Tokyo Commodity Exchange Inc. (TOCOM or “the Exchange”) reported that its new trading system launched on May 7, 2009 experienced a technical problem from around 10:30 on Tuesday, May 12. TOCOM expresses its deepest apologies for the inconveniences the problem may have caused to market participants and other parties concerned.
The below describes when and how the problem took place, the result of the Exchange’s investigation of the problem, and how TOCOM will prevent further problems.
1. Chronological report on the technical problem
-
<:LI>Shortly after 10:30, the Exchange started to receive notifications from some Members and IT vendors that their systems were experiencing unstable connectivity to the Exchange's system. The Exchange confirmed at that point that its system was operating normally.

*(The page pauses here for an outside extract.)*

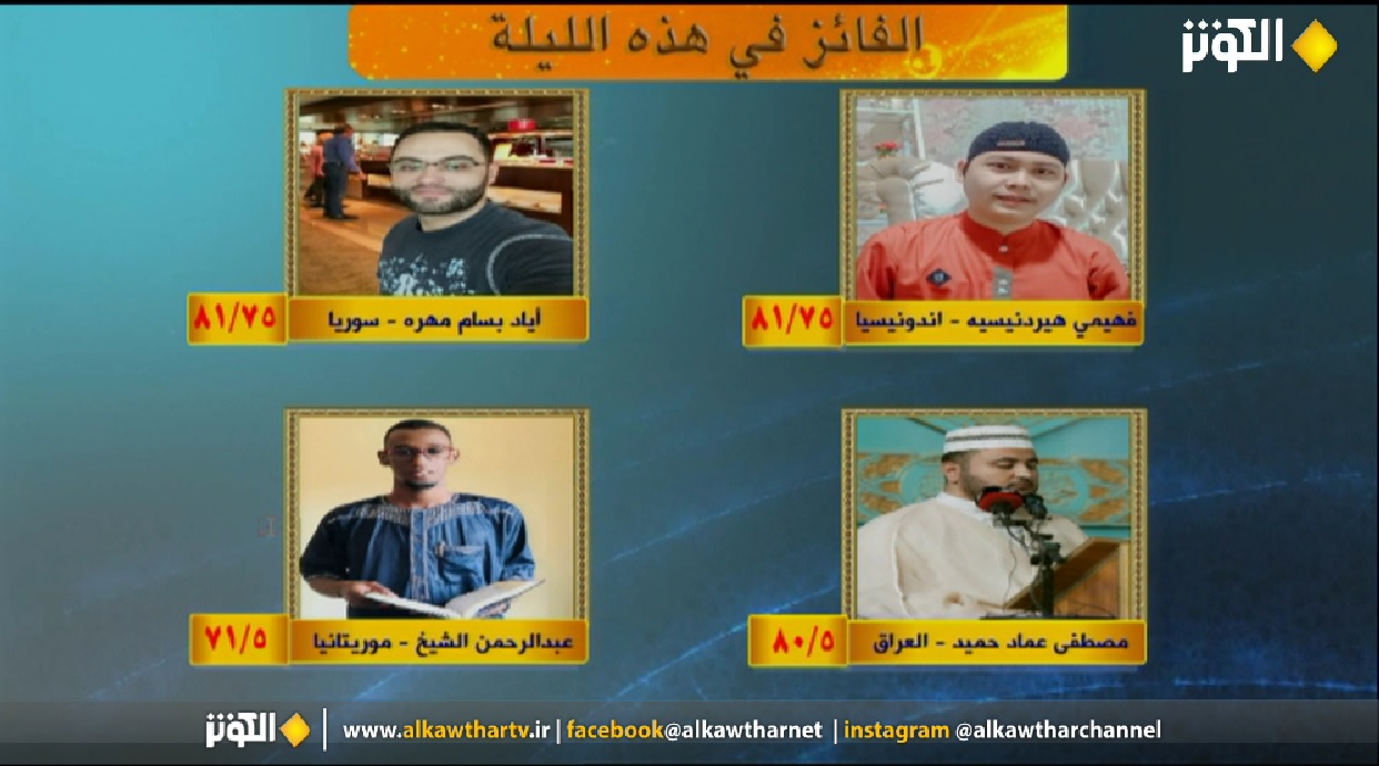 به گزارش پایگاه شبکه الکوثر، بر اساس رأی هیئت داوران ، امتیازات قاریان شرکت کننده در بیست و سومین شب از مسابقات قرآنی رمضانی به شرح زیر است :

- Thereafter, the Exchange received notifications from over 10 market participants that they could not receive market data or place orders. For trading to be able to continue smoothly even in the case of a system failure, TOCOM has set up its network communication equipment (i.e: the lines and routers used to connect to the trading system) to be fully redundant and duplicated. Even though the Exchange requested Members to connect to the Exchange's trading system through the backup network, they were unable to establish connectivity.
- At 11:30, based on its contingency plan, the Exchange decided to suspend the trading session since a substantial number of Members were unable to place orders and execute other trading actions through their systems, and also because the TOCOM trading system was possibly experiencing a failure. At 11:35 the Exchange suspended the session for all products.

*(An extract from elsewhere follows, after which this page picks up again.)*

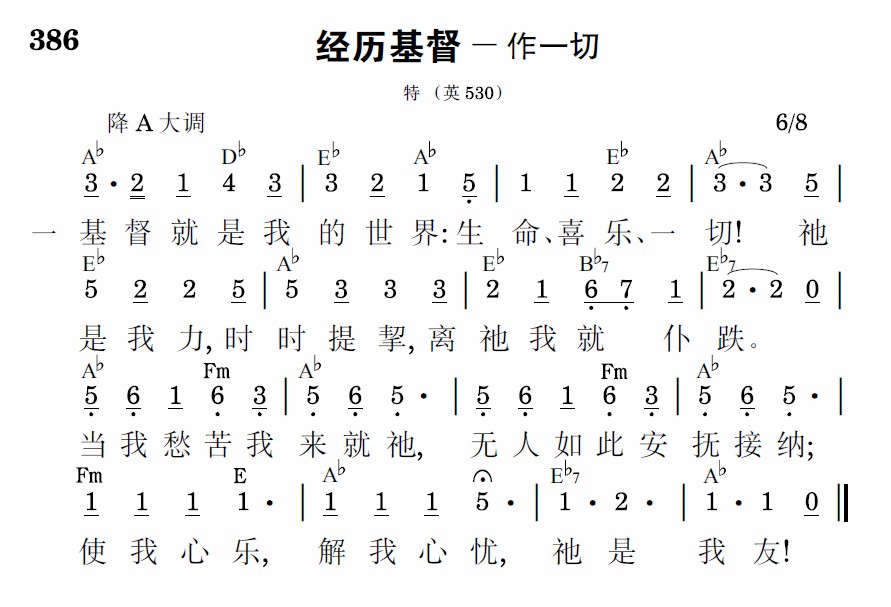 基督就是我的世界:生命、喜樂、一切!祂是我力,時時提挈,離祂我就仆跌。當我愁苦我來就祂,無人如此安撫接納;使我心樂,解我心憂,祂是我友!

- Having confirmed that both of the duplicated routers at TOCOM's data center were operating almost at full load capacity (over 99%), the Exchange then focused the investigation on identifying the primary cause of the problem: a) the lines; b) the routers; or c) excessive packet transmissions from Members. The Exchange confirmed with the carriers that the problem was not caused by the communication lines. Based on an analysis of the other possible causes, the Exchange rebooted both of the two routers at the data center by 13:40. As a result, the Exchange confirmed stable connectivity for all Members for about 20 minutes, and a normal load level for the routers at the data center. Simultaneously, the Exchange confirmed that there was no excessive packet transmission from Members.

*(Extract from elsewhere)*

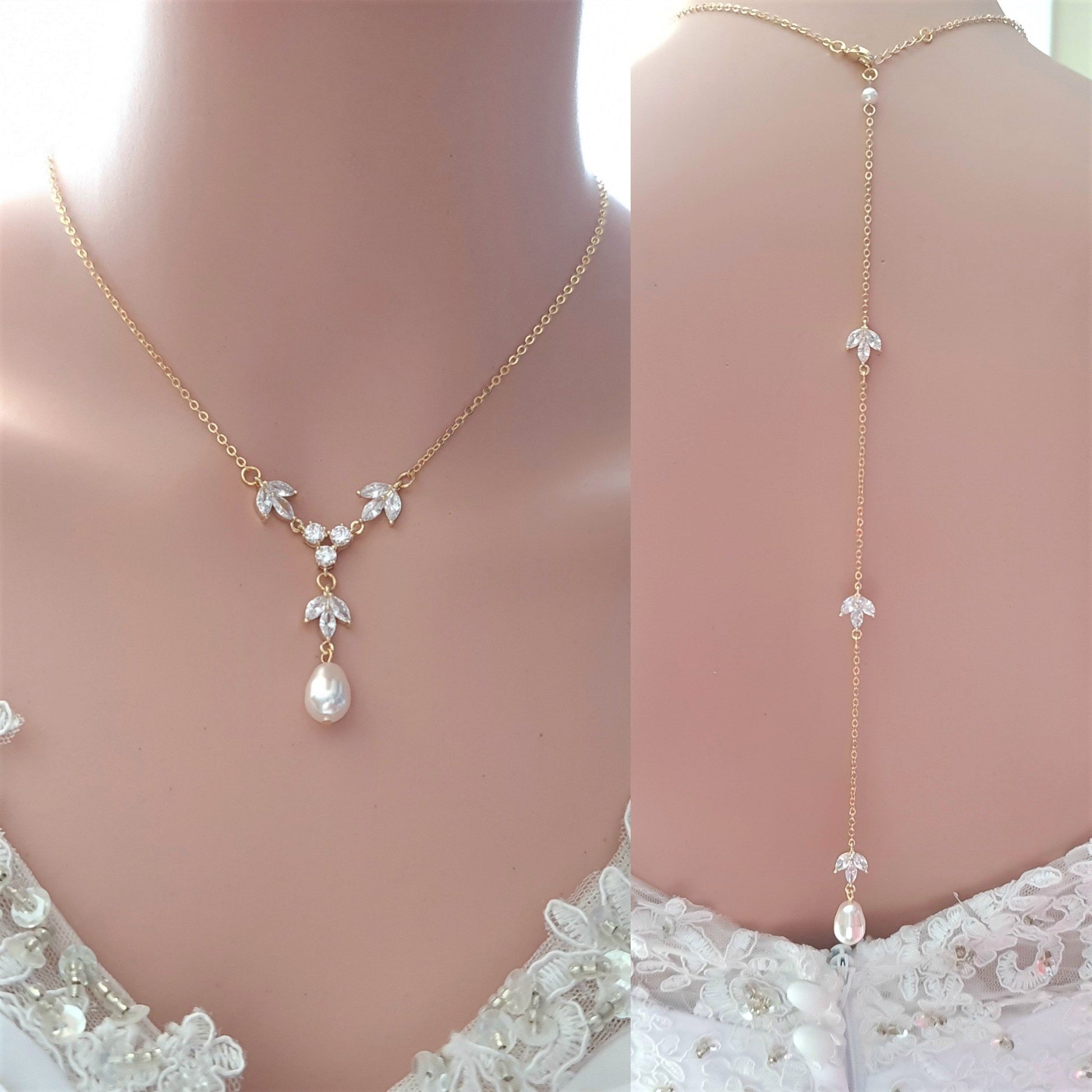 Rose Gold Bridal Backdrop Necklace, Rose Gold Back Necklace, Rose Gold Wedding Jewelry, Crystal Back Necklace, Bridal Jewelry, Leila
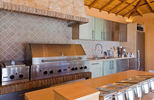 In order to take advantage of the fantastic Algarve climate, great care has be taken to ensure that guests can really enjoy all the benefits of outdoor living. with that in mind, there are three separate sofa and armchair areas, and premium quality sun-loungers, both round the pool area and on the private terraces on the first floor. Hammocks, and bean bags are also provided. To offer different external dining solutions, there is a table off the dining room and kitchen, under the covered terrace, or alternatively, there is a fully equipped outdoor kitchen and barbecue, containing and industrial Viking gas barbecue with rotisserie, twin high output gas burner (with wok ring), restaurant grade pizza oven, combination microwave and convection oven, dishwasher and combination fridge freezer, as well as air conditioning and a large flat screen television. This building has fully retractable double glazed doors that can be fully or partially opened according to requirements.

- At 14:15, the Exchange decided to resume the session in consideration of the above findings. The Exchange started to accept orders at 14:30, resumed the session at 15:00 and closed the day session at 15:30.
Thereafter the settlement price for the day session was determined normally, and the night session started at 17:00 as usual.
2. Cause of the problem
As reported above, it has become clear that the high-load (over 99%) of the routers at the data center was the cause of the connectivity failure between the Member systems and the Exchange system. However, we have not been able to identify what primarily caused the router to be loaded to such a high level.
Through our analysis, the Exchange has confirmed that the technical problem was limited to one of the two sets of routers at the data center. The two sets of routers were set in duplicate to distribute the load. Connectivity failure was also limited to some Member systems.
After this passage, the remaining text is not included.